--- MATERIAL FOR THIS EXERCISE ---

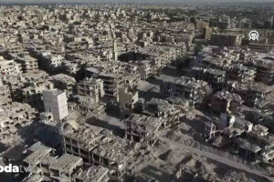 Bir devir okul, hastane, cami ve iş yeri olarak kullanılan birçok bina ya büsbütün enkaza dönüşmüş durumda ya da yalnızca iskeletleri ayakta kalmış vaziyette. Suriye’nin en büyük mülteci kampı olan Yermuk’ta bugün sadece çok az sayıda aile, harabeye dönmüş binaların ortasında ömür gayreti veriyor.
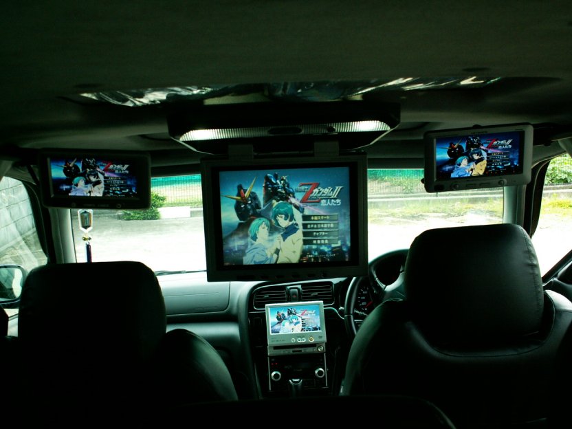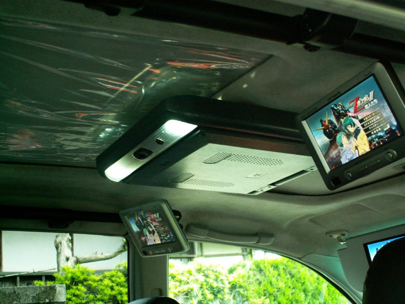 ・フリップダウンの液晶12.1インチ!ワイドじゃないけどね・・・。サンルーフと干渉しますが、ご愛嬌ということで・・・。
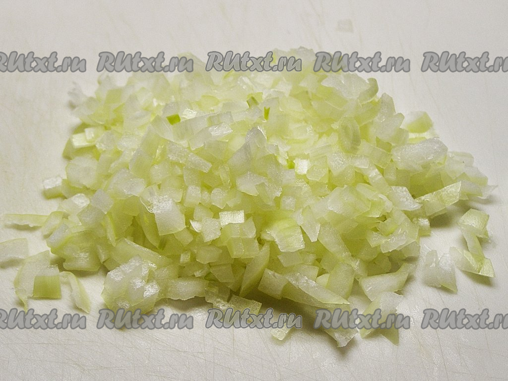 Луковицу среднего размера очищаем, а затем нарезаем мелко (или натираем на крупной тёрке).
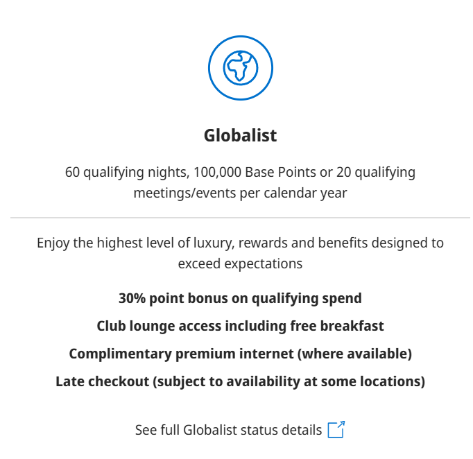 At just 10 nights per year, you get Discoverist Status which sets you up for 2:00pm late check-out where available. The most valuable tier is Globalist, earned after 60 nights per year and includes room upgrades, free breakfast or club access, and free parking on award stays. You also receive Gift of Honors awards which you can give to family or friends so they can experience Globalist status for their upcoming Hyatt stay.
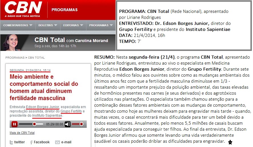 RÁDIO CBN (PROGRAMA CBN TOTAL) - Entrevista com Dr. Edson Borges Junior
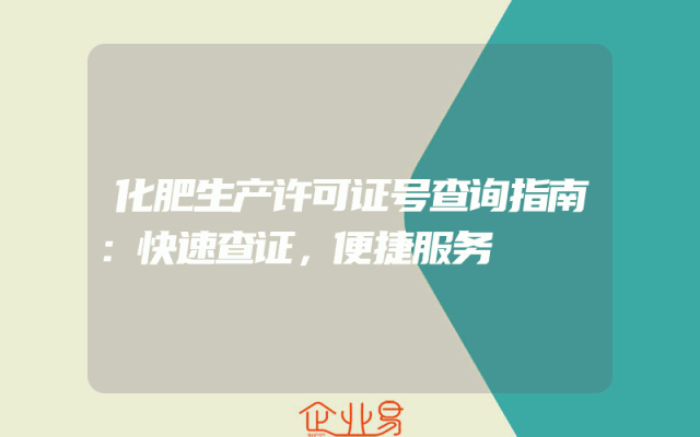 - 化肥生产许可证号查询指南:快速查证,便捷服务

---

__ACTION ITEM__
Leave the pictures out, and print every line of the listing exactly as written.

__SOLVED EXERCISE__
 Bir devir okul, hastane, cami ve iş yeri olarak kullanılan birçok bina ya büsbütün enkaza dönüşmüş durumda ya da yalnızca iskeletleri ayakta kalmış vaziyette. Suriye’nin en büyük mülteci kampı olan Yermuk’ta bugün sadece çok az sayıda aile, harabeye dönmüş binaların ortasında ömür gayreti veriyor.
 ・フリップダウンの液晶12.1インチ!ワイドじゃないけどね・・・。サンルーフと干渉しますが、ご愛嬌ということで・・・。
 Луковицу среднего размера очищаем, а затем нарезаем мелко (или натираем на крупной тёрке).
 At just 10 nights per year, you get Discoverist Status which sets you up for 2:00pm late check-out where available. The most valuable tier is Globalist, earned after 60 nights per year and includes room upgrades, free breakfast or club access, and free parking on award stays. You also receive Gift of Honors awards which you can give to family or friends so they can experience Globalist status for their upcoming Hyatt stay.
 RÁDIO CBN (PROGRAMA CBN TOTAL) - Entrevista com Dr. Edson Borges Junior
 - 化肥生产许可证号查询指南:快速查证,便捷服务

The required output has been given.